What needs reproducing is the run of lines in the data below starting at the line with "و نُفذ خلالها" and ending at the line with "杨林坳敬老院新建于2017年", both ends included. Copy it exactly, without pictures, and add nothing.

[Source records]
· · ·
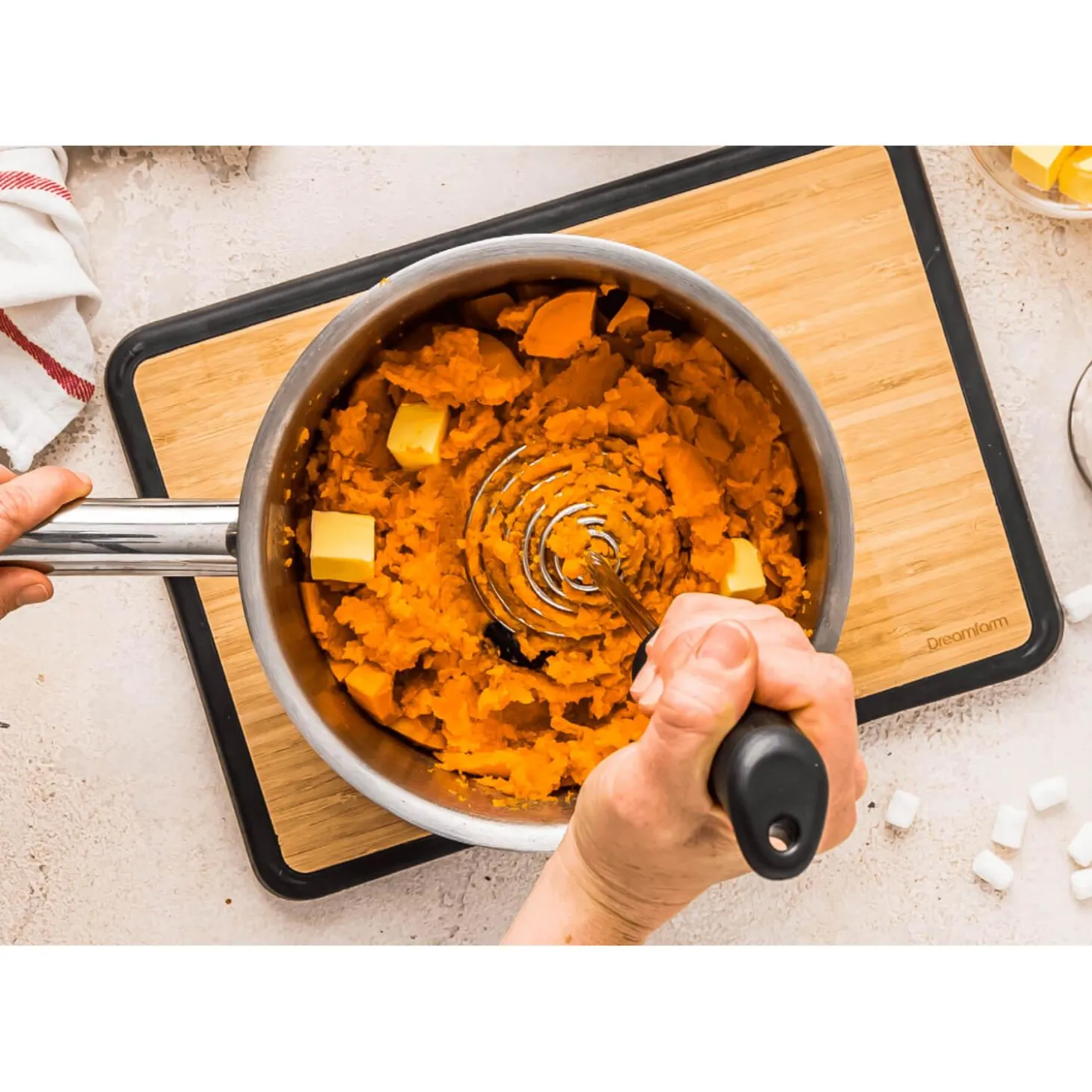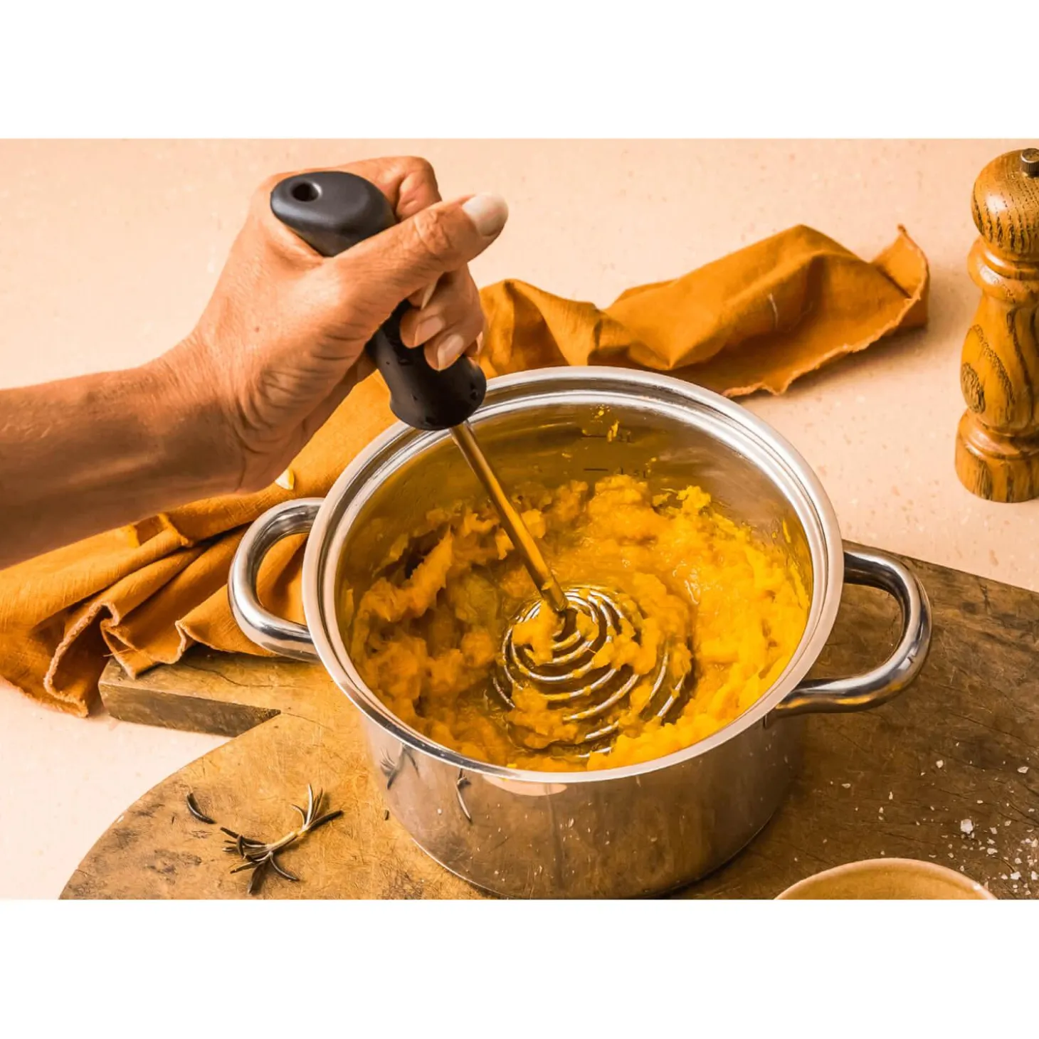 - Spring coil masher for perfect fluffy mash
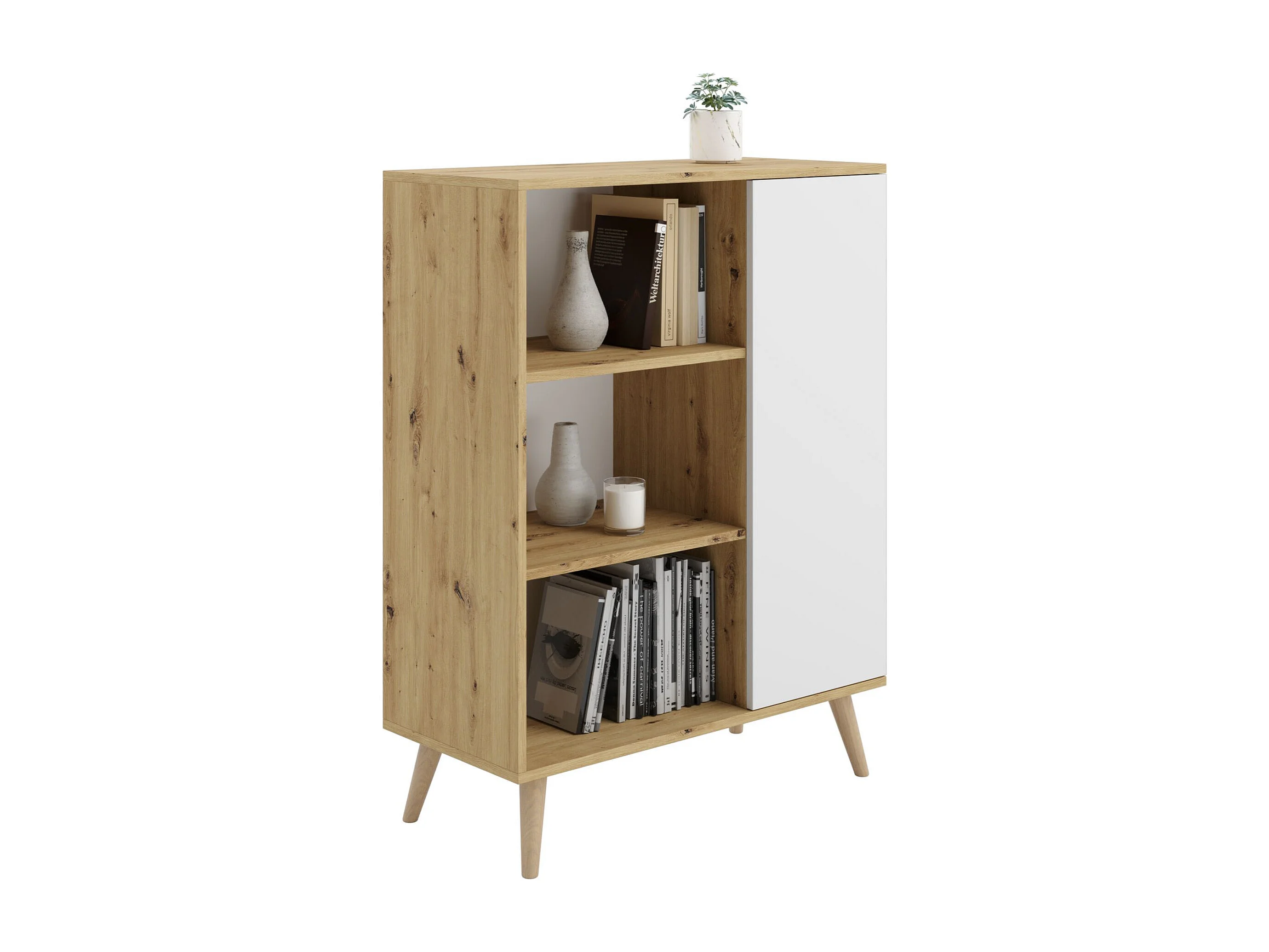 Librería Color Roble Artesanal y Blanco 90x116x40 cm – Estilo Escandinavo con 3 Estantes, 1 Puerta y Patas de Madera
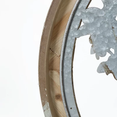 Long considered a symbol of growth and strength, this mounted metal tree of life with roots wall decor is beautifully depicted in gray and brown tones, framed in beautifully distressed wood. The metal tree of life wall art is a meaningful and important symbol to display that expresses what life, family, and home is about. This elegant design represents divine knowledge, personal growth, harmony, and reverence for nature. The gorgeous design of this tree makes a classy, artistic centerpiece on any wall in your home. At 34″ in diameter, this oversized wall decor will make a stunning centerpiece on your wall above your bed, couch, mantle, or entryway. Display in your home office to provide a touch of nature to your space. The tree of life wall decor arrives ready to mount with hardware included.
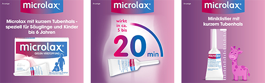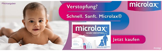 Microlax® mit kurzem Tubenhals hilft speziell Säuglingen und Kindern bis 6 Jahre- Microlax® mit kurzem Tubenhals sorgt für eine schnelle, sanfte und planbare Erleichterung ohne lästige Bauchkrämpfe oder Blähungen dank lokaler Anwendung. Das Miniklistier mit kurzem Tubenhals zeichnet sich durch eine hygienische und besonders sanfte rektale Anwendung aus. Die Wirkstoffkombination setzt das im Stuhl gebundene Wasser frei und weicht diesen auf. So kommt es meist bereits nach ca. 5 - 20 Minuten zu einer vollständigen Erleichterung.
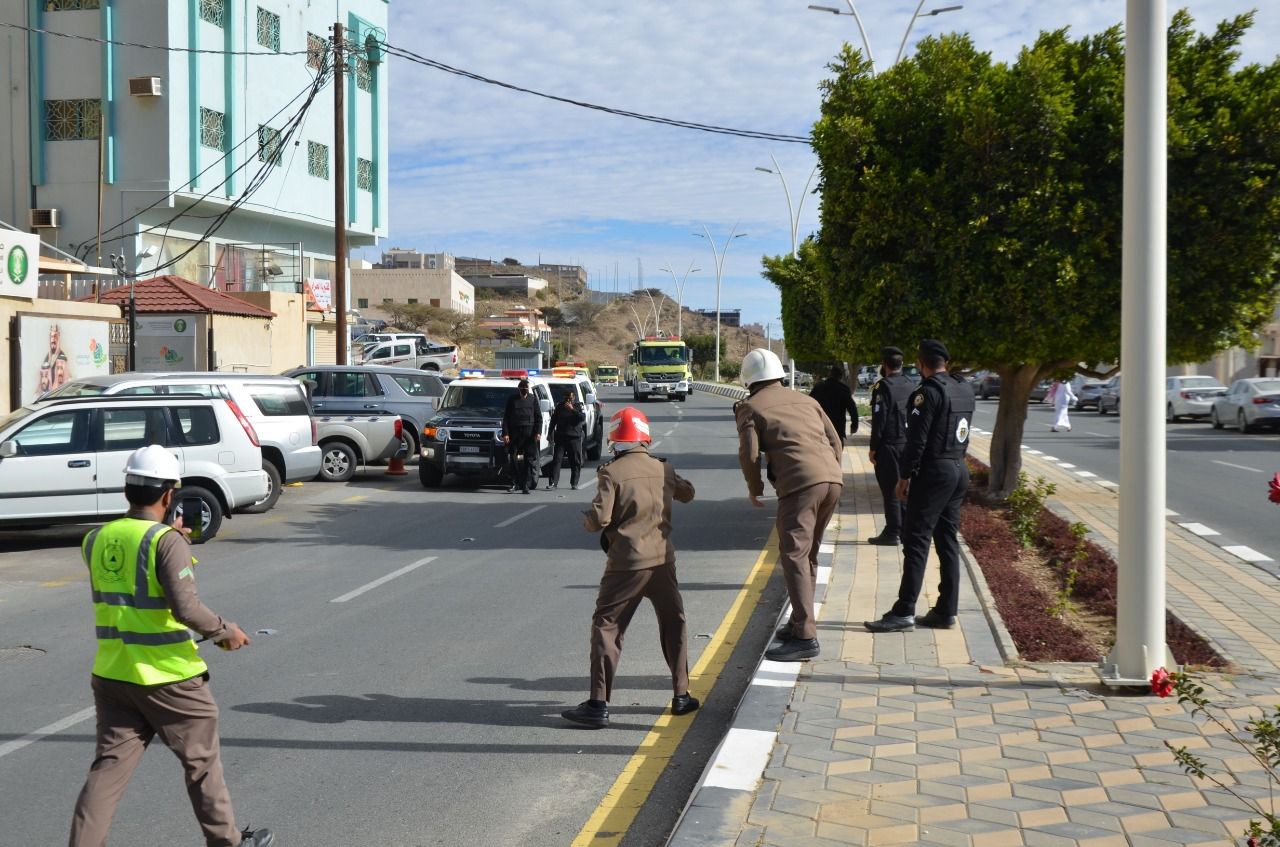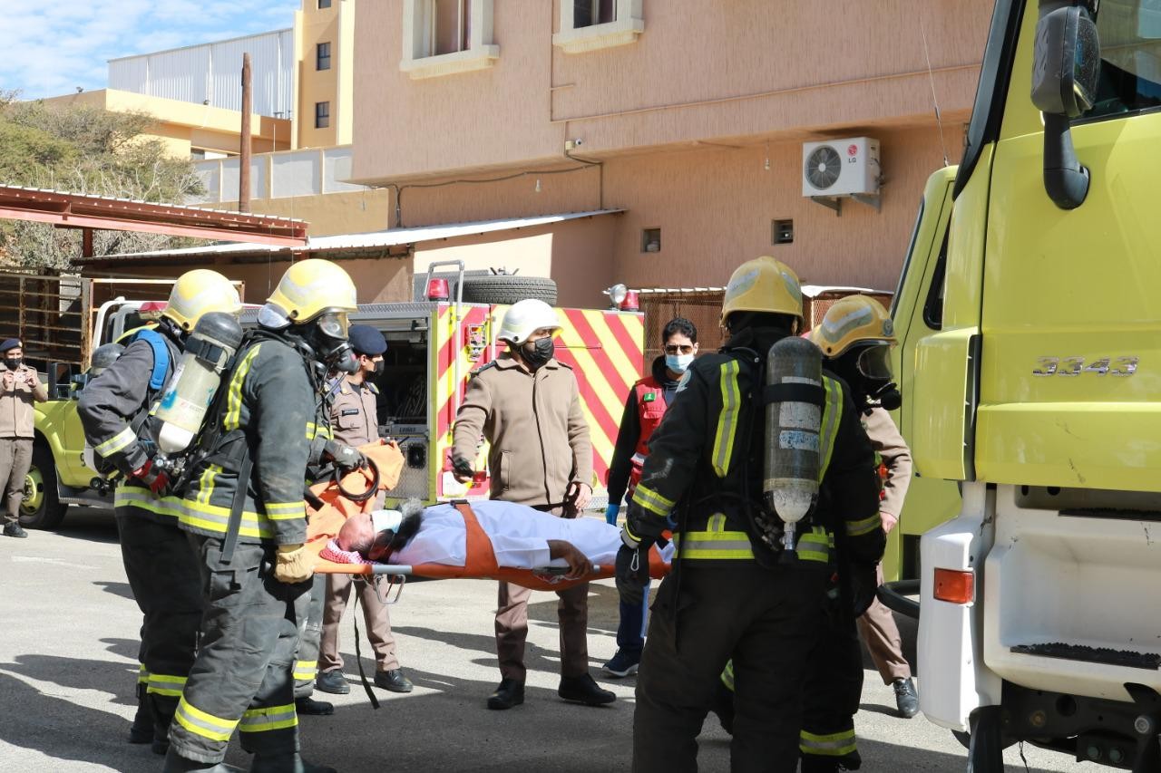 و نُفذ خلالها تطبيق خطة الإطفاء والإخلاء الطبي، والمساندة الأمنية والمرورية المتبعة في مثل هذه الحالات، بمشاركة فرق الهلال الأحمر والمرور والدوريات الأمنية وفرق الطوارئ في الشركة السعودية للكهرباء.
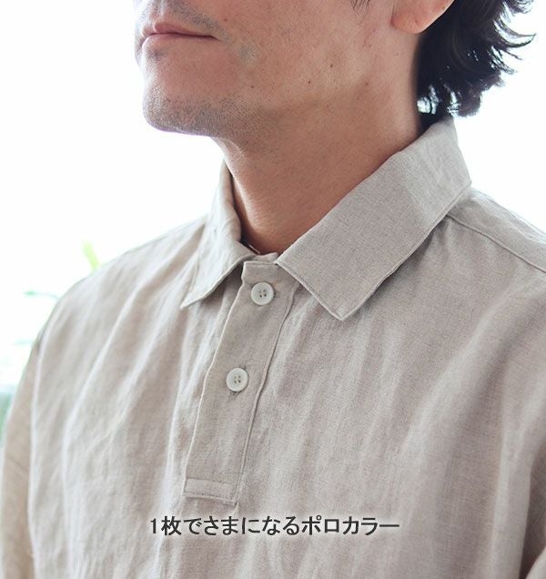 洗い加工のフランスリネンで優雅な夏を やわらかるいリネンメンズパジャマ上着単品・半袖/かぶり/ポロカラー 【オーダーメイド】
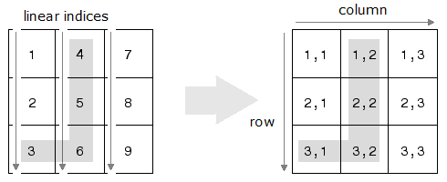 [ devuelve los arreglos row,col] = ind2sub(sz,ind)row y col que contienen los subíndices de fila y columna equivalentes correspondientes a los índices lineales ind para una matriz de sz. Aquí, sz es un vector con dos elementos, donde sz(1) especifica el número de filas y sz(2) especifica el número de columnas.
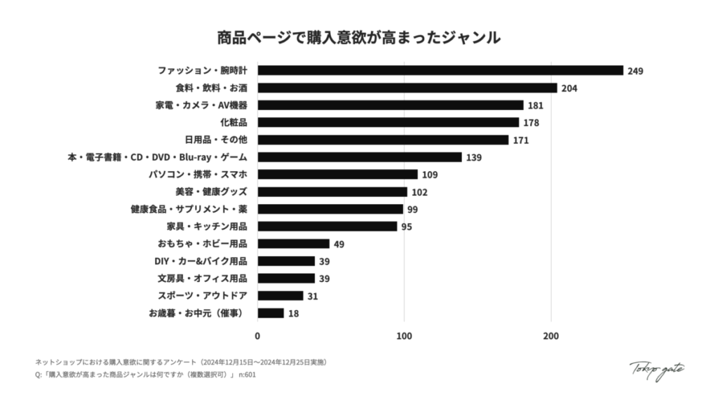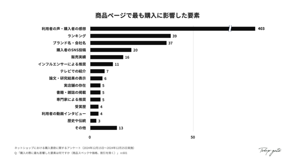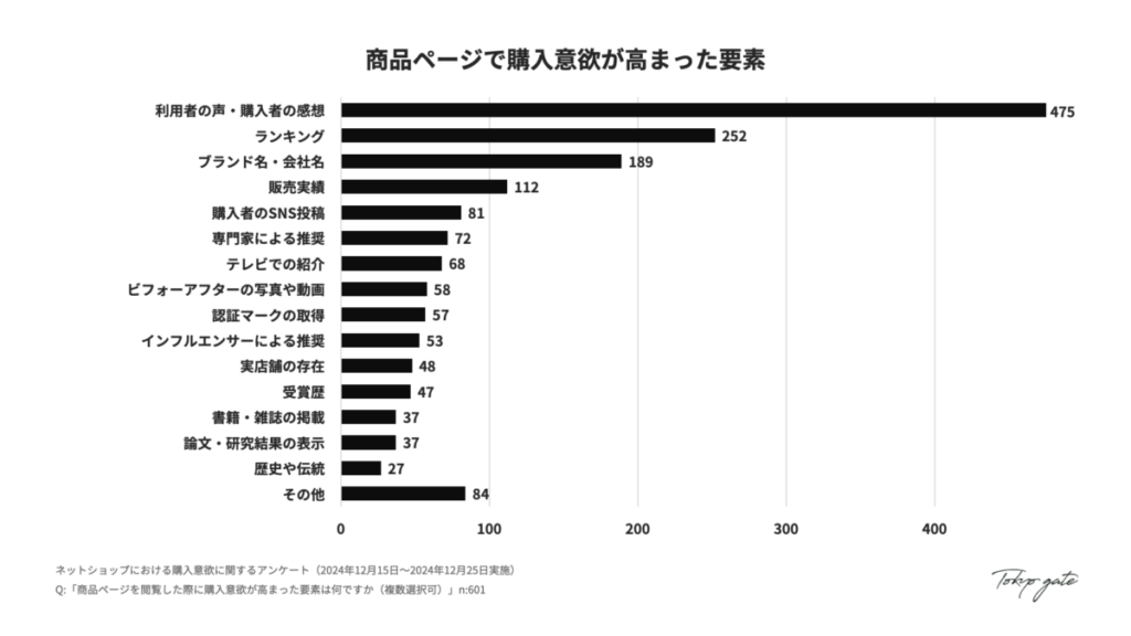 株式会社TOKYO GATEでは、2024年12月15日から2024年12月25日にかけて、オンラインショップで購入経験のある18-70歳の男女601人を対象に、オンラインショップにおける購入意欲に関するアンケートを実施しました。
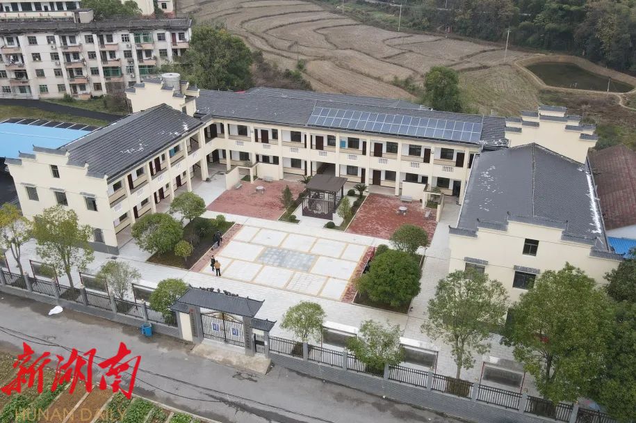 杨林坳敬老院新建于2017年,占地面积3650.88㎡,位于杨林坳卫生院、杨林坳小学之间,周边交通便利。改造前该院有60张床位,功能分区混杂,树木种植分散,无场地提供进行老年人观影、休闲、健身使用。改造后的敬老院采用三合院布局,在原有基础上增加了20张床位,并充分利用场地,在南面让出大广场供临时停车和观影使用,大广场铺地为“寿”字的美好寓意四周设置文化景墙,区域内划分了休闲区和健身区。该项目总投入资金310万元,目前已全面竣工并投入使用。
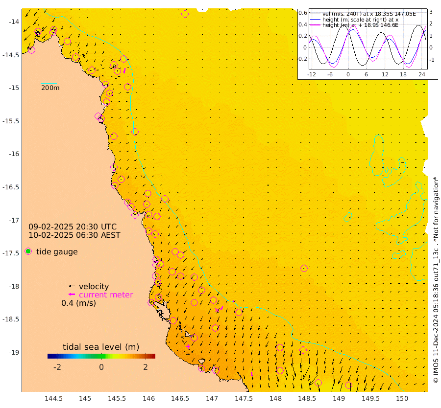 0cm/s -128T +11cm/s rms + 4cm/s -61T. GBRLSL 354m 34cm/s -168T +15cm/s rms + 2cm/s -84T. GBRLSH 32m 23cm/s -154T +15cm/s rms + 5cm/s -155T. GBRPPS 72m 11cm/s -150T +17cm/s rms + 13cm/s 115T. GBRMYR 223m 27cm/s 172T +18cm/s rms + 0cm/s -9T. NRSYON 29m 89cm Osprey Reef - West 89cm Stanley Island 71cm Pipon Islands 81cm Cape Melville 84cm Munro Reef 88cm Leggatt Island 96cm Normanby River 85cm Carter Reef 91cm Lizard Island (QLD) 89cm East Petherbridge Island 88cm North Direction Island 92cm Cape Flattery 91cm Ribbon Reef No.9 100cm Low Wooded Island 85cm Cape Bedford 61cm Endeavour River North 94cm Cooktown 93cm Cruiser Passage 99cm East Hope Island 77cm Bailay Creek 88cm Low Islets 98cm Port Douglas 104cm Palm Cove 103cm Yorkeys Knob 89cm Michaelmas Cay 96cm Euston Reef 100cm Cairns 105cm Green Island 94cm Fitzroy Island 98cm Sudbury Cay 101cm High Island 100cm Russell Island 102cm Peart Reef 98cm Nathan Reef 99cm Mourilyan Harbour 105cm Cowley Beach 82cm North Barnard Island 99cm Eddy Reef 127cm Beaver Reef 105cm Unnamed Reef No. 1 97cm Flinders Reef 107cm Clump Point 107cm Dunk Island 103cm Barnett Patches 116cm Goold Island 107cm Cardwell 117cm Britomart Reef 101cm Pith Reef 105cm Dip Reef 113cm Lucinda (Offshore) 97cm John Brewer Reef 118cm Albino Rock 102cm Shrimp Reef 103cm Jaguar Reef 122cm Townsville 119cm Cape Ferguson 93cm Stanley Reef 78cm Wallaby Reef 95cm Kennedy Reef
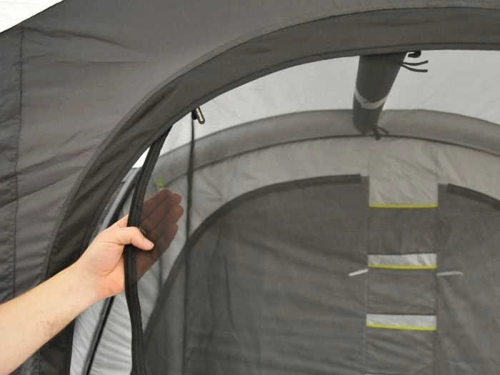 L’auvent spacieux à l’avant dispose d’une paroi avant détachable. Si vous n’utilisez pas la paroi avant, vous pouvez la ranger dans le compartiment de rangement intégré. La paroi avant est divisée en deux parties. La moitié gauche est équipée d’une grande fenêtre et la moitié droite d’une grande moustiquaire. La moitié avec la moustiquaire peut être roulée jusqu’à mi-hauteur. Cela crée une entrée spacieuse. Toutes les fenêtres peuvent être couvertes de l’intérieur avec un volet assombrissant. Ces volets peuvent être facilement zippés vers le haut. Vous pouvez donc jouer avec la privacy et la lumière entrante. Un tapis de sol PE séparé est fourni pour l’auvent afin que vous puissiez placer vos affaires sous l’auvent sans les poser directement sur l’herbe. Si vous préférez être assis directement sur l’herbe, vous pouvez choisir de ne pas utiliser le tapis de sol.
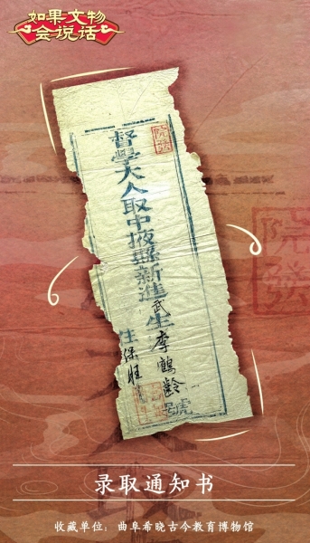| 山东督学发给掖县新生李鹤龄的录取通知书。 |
· · ·
**Response for this exercise:**
 و نُفذ خلالها تطبيق خطة الإطفاء والإخلاء الطبي، والمساندة الأمنية والمرورية المتبعة في مثل هذه الحالات، بمشاركة فرق الهلال الأحمر والمرور والدوريات الأمنية وفرق الطوارئ في الشركة السعودية للكهرباء.
 洗い加工のフランスリネンで優雅な夏を やわらかるいリネンメンズパジャマ上着単品・半袖/かぶり/ポロカラー 【オーダーメイド】
 [ devuelve los arreglos row,col] = ind2sub(sz,ind)row y col que contienen los subíndices de fila y columna equivalentes correspondientes a los índices lineales ind para una matriz de sz. Aquí, sz es un vector con dos elementos, donde sz(1) especifica el número de filas y sz(2) especifica el número de columnas.
 株式会社TOKYO GATEでは、2024年12月15日から2024年12月25日にかけて、オンラインショップで購入経験のある18-70歳の男女601人を対象に、オンラインショップにおける購入意欲に関するアンケートを実施しました。
 杨林坳敬老院新建于2017年,占地面积3650.88㎡,位于杨林坳卫生院、杨林坳小学之间,周边交通便利。改造前该院有60张床位,功能分区混杂,树木种植分散,无场地提供进行老年人观影、休闲、健身使用。改造后的敬老院采用三合院布局,在原有基础上增加了20张床位,并充分利用场地,在南面让出大广场供临时停车和观影使用,大广场铺地为“寿”字的美好寓意四周设置文化景墙,区域内划分了休闲区和健身区。该项目总投入资金310万元,目前已全面竣工并投入使用。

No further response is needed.